Mechanism of Unexpected In-Trans Post-PKS Polyketide Reduction in Cochliodone Biosynthesis

Cochliodone A, a dimeric azaphilone-type compound, is the major product and one of many natural products produced by Chaetomium globosum, a filamentous fungus. Cochliodone A exerts antimalarial and antimycobacterial activities in addition to being cytotoxic against KB, BC1, and NCI-H187 human cancer cell lines. The potential of cochliodone A and its analogues as effective therapeutics against cancer, tuberculosis, and malaria, together with its complex dimeric chemical structure, are reasons enough for continued investigation.

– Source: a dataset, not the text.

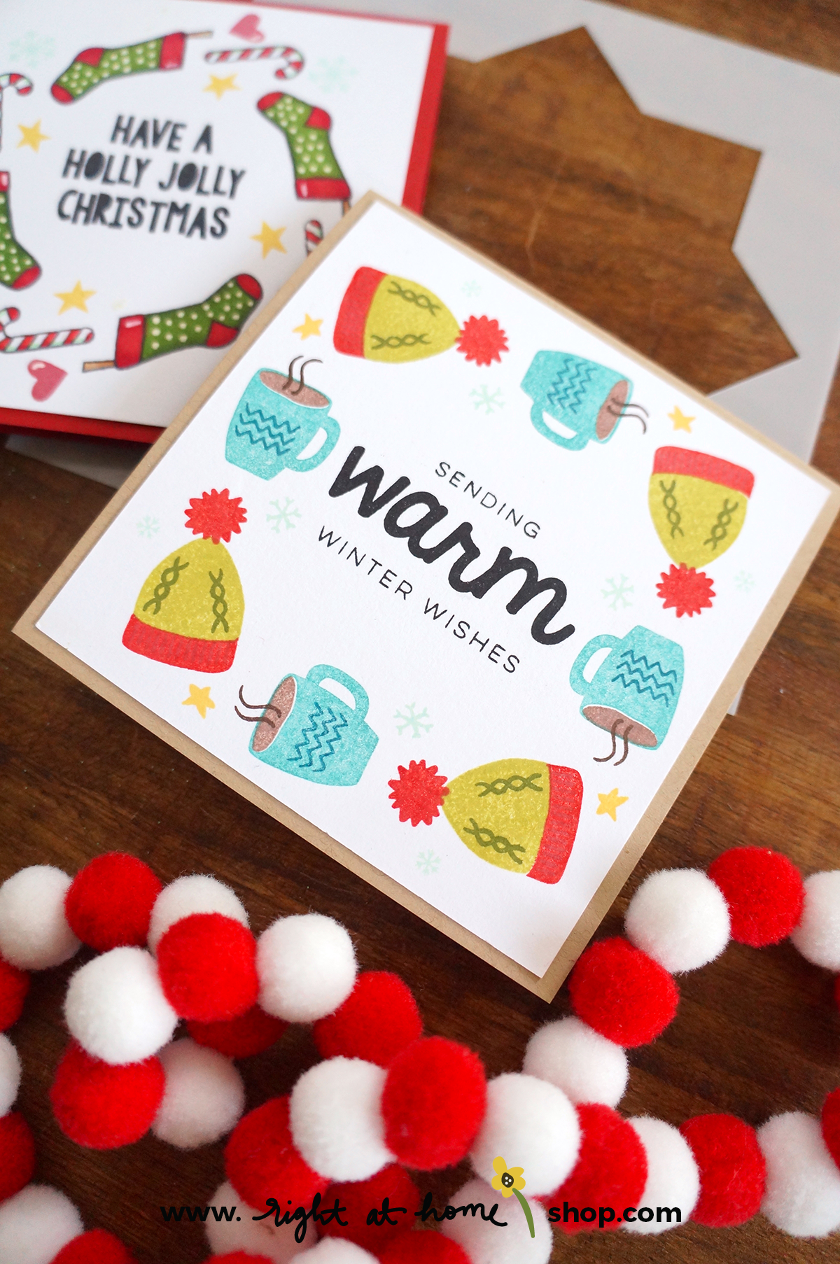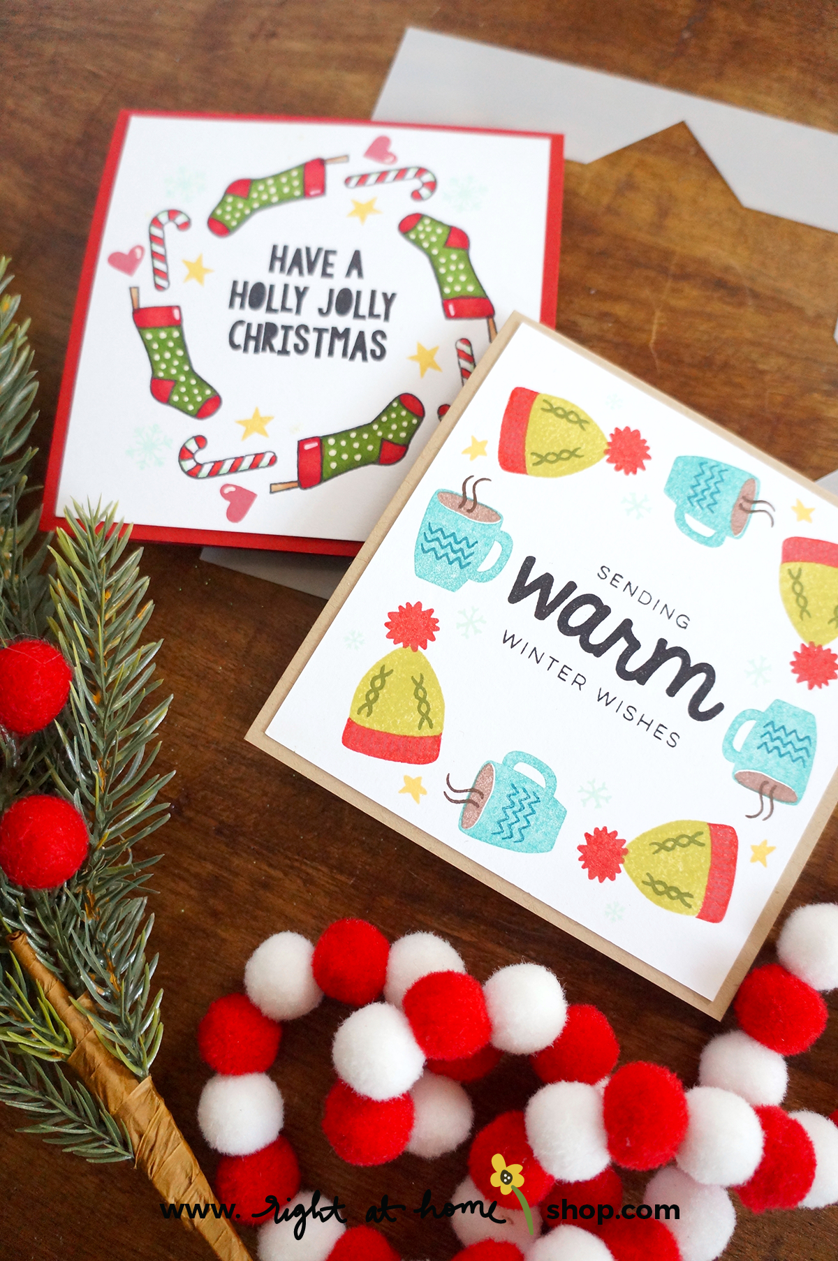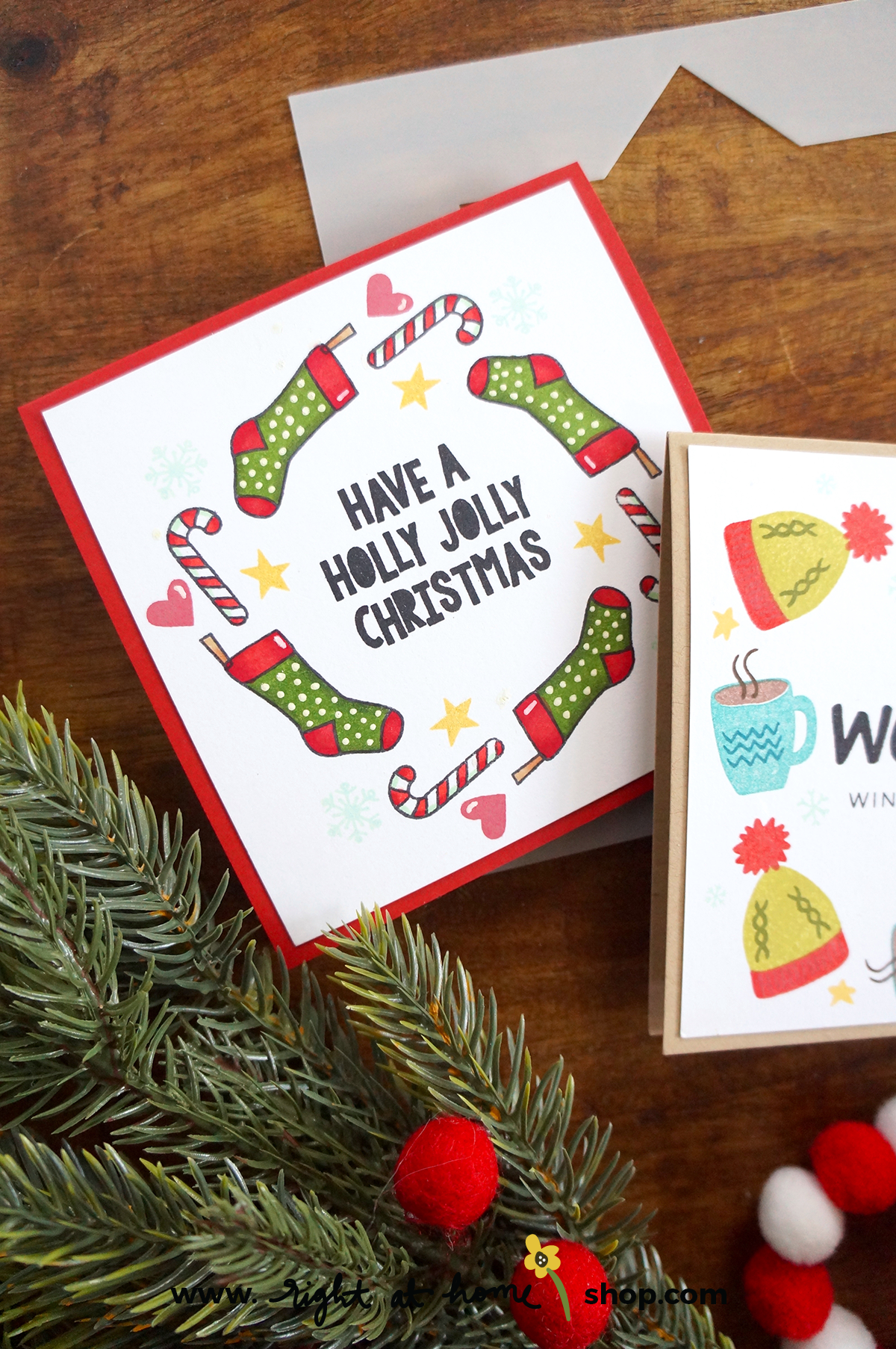 All the stamps featured in today’s post are older items from the Right at Home line, which means they may not be in your collection if you’re new here. Well, today’s the perfect time to fix that as this week at Right at Home I’m offering 20% off select holiday items with code 20OFFHOLIDAY!
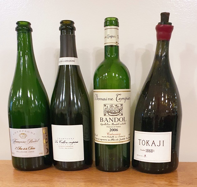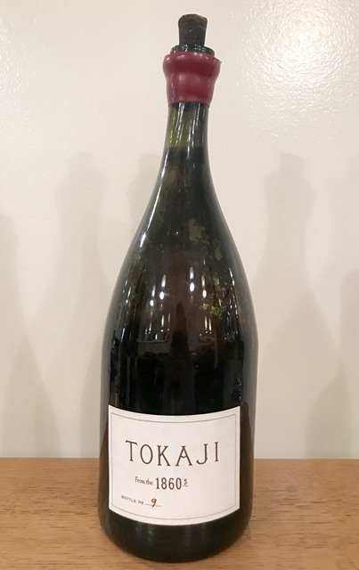 Il y a à notre table un chocolatier célèbre et un des objets du déjeuner est de voir comment nous pourrions faire des événements autour du chocolat et de vins antiques. Aussi ai-je apporté une bouteille entamée depuis des mois, un Tokaji des années 1860 et daté postérieurement avec Christie’s comme étant autour de 1840. Dans les mignardises il y a des palets au chocolat ce qui nous permet de vérifier que le doucereux si complexe de ce Tokaji est un bonheur sur du chocolat.

Here, sequence analyses of the open reading frames found in the previously identified cochliodone A biosynthetic gene cluster, together with a series of gene-knockout experiments, heterologous in vivo production of pathway intermediates in Aspergillus nidulans and in vitro assays of key enzymes allowed us to propose a biosynthetic pathway and detailed mechanisms leading to the production of cochliodones. In addition, we identified that the elimination of the dimerizing multicopper oxidase CcdJ from the ccd pathway led to pathway crosstalk between the ccd pathway and an unrelated benzaldehyde-producing biosynthetic pathway formation to generate new secondary metabolites. Most interestingly, however, through the in vitro study, we established that the sequential actions of an acetyltransferase, an acetate lyase, and an enoyl reductase achieve a full reduction of the unsaturated backbone of the polyketide (PKs) product generated by the nonreducing polyketide synthase (PKS) CcdL. This alternative mode of reducing a polyketomethylene chain could be engineered further to develop a facile chemoenzymatic modification of the polyketide backbone saturation level postpolyketide synthesis in trans.